Weigh options carefully when repaying student loans

Your Money

November 19, 2006|By Tami Luhby | Tami Luhby,Newsday

With the cost of higher education soaring every year, students often are forced to take out substantial federal student loans. And many are unprepared to write those checks when it comes time to pay back that debt.

Defaulting on federal school loans, however, can have serious ramifications, including wrecking credit histories. That's why lenders provide options for reducing monthly payments to a more manageable level. These range from consolidating debt to paying only interest to deferring payments entirely for up to three years.

These measures, however, can stretch out payments for decades and add thousands of dollars in interest to the total bill. But some people have no choice.

Take Stephanie Gonsalves of Brooklyn, N.Y. She took out $150,000 in loans to pay her way through the University of Arizona and then Brooklyn Law School, from which she graduated in 2005. Now an assistant district attorney in Brooklyn, Gonsalves receives an annual salary that's only one-third of her debt. So she was forced to consolidate and defer payments on her federal loans and pay only interest on her private loans for the next three years.

"I can't even imagine being able to [pay back the full loan] on a public interest salary," said Gonsalves, 29. "I wouldn't be able to live. I'd have to move back to Arizona to live with my parents."
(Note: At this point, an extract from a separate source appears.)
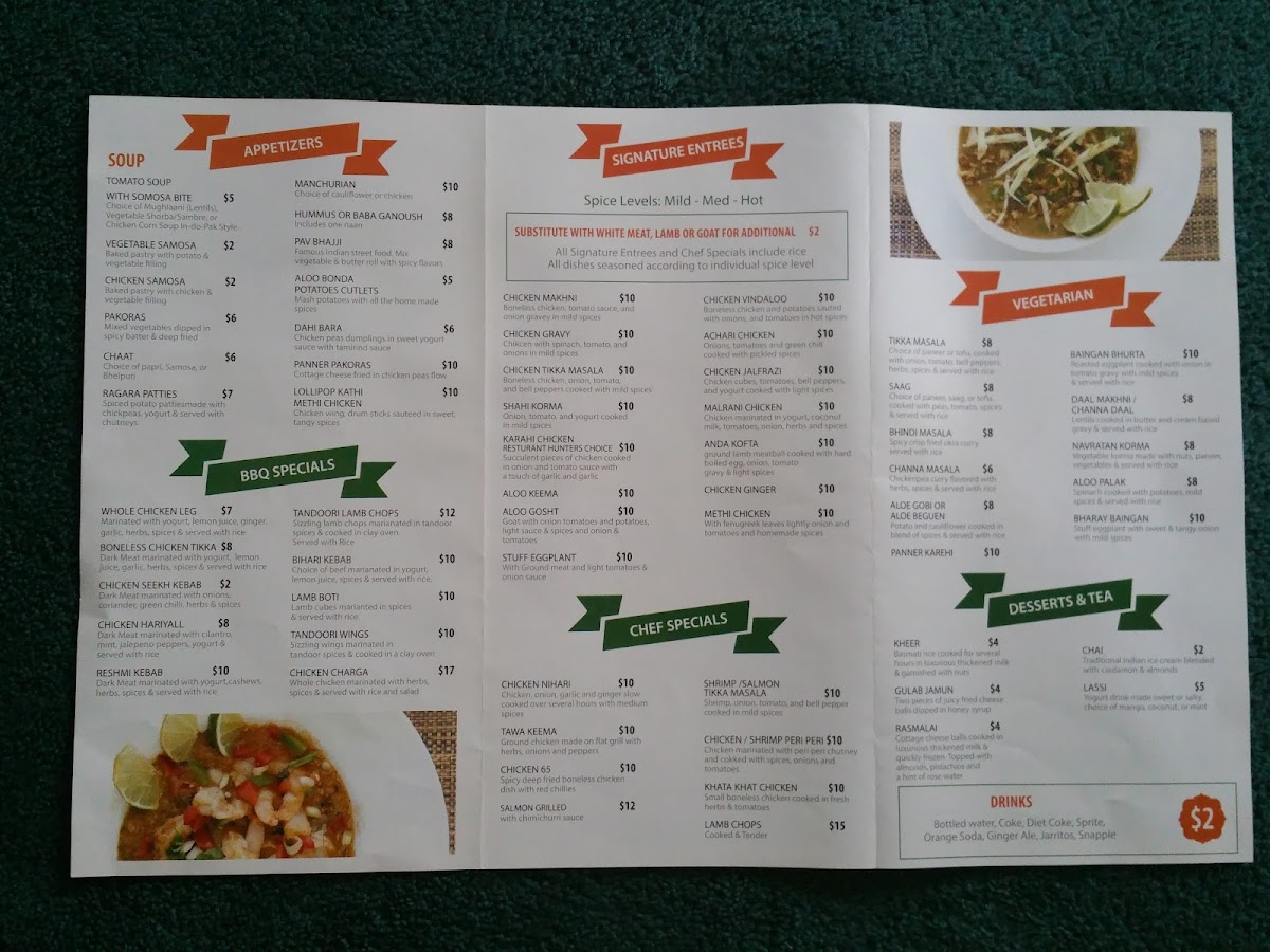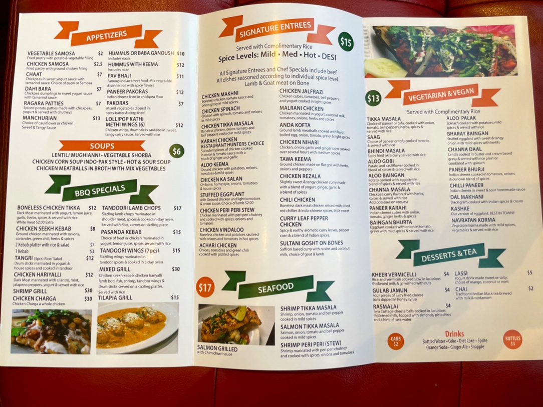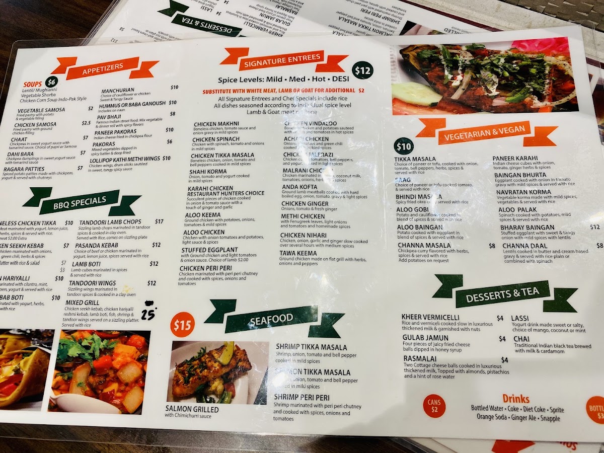 The Signature Entrées offer rich, savory options such as the crowd-favorite Chicken Tikka Masala, Chicken Makhni, and the spicy Chicken Vindaloo. For a more hearty option, the Karahi Chicken and Malrani Chicken showcase complex flavors that are sure to satisfy.
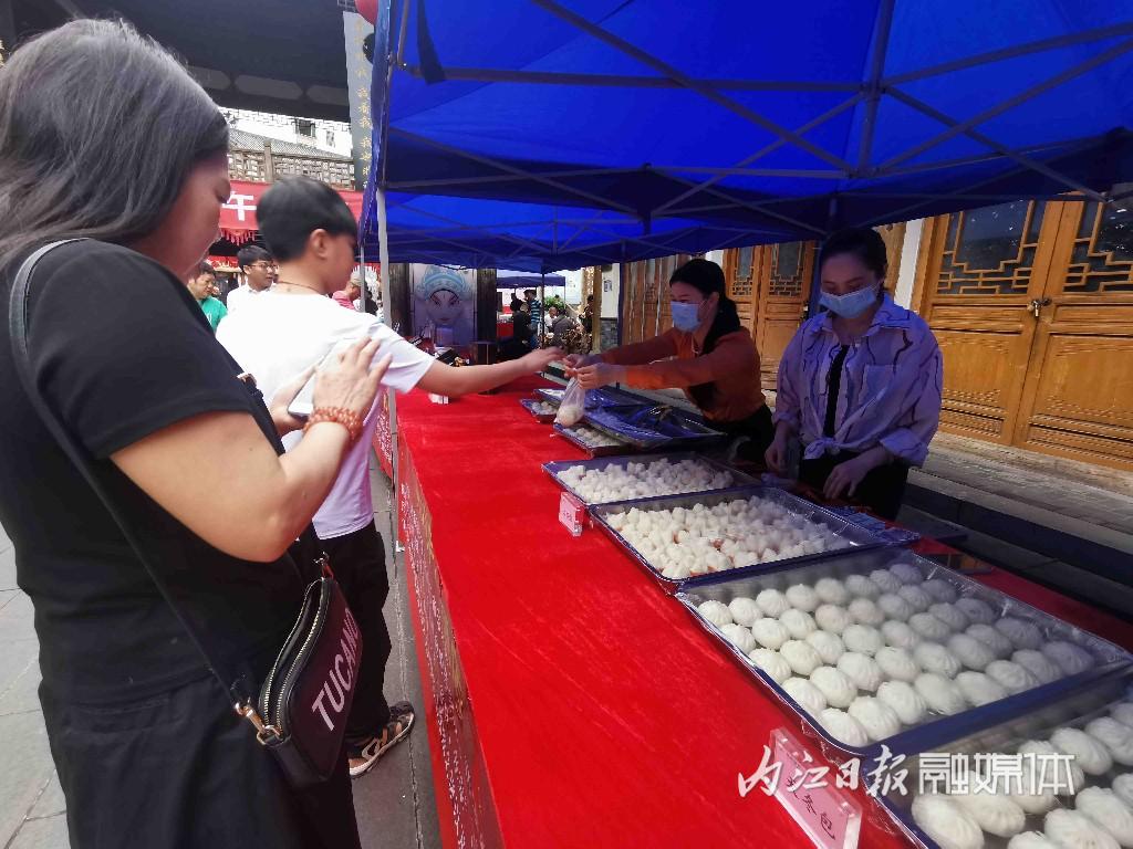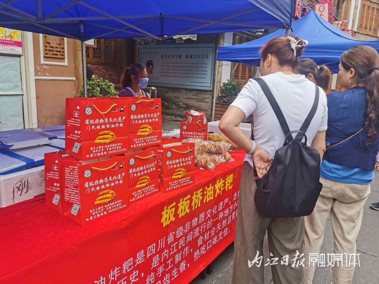 除此之外,现场展销的板板桥油炸粑,作为内江美食的一张响亮名片,起源于光绪年间,至今已飘香近200年,是很多内江人的家乡记忆。其展位前更是迎来一波又一波顾客,“这个油炸粑外酥里软、鲜香味美、酥而不腻,我们一家都非常喜欢。”家住东兴区新观街的田芬一次性购买了10个,满载而归。

Thankful that there are different repayment options, Gonsalves said it was very important to her to get trial experience at the district attorney's office. Still, she has to fork over $566 a month, forcing her to live with a roommate and save next to nothing for the future.

"The benefit outweighs the cost," she said.

Others just choose not to pay their debt - and this is a mistake with long-term consequences, experts said. The default rate on federal loans began climbing in fiscal year 2004 after falling to an all-time low of 4.5 percent the previous year - a far cry from the 22.4 percent rate of 14 years ago. The most recent figures show that the rate for those defaulting before Sept. 30, 2005, rose to 5.1 percent, a jump of 13 percent over the year before, according to the U.S. Department of Education.

Some experts predict that the numbers will continue to rise, especially since the interest rate increased to 7.14 percent for federal Stafford loans, the most common source of college loan funds, as of July 1. The 2 percentage-point increase was one of the largest in the federal loan program.

"As student debt rises to fill the widening gap between what families can afford in an era of stagnant aid and the real cost of college, we're concerned that more people than ever will be struggling to make their payments and be at risk of default," said Lauren Asher, associate director of the Project on Student Debt, a nonprofit research and policy group based in Berkeley, Calif.

When a borrower defaults on a student loan, the government can take several harsh measures. It can garnishee wages, telling employers to forward 15 percent of pay toward repaying the debt. Borrowers can forget about seeing any income-tax refunds, and should be prepared to potentially pay thousands in collection costs and penalties. Declaring bankruptcy does not absolve them of the responsibility.

Finally, the default will appear on credit records for the next seven years. This could hamper borrowers in renting an apartment, securing a mortgage or even landing a job.

The worst thing graduates can do "is run into economic hardship, avoid the situation and find themselves after a period of time under water and really in dire straits," said Mark Jacobs, vice president of Goal Financial, a student loan company based in San Diego.

To ease the burden of a student loan a borrower can arrange for payments other than the standard plan. There is a graduated option under which monthly payments start smaller and increase gradually over the life of the loan. There is also the income-sensitive plan under which the monthly charges are based on a percentage of income. Or if borrowers consolidate their loans, they can repay them over 15 to 30 years, depending on their debt level.

If borrowers lose their job or go on to graduate school, they are entitled to defer payment on federal student loans. The federal government will pay the interest on the subsidized portion so debt levels won't balloon.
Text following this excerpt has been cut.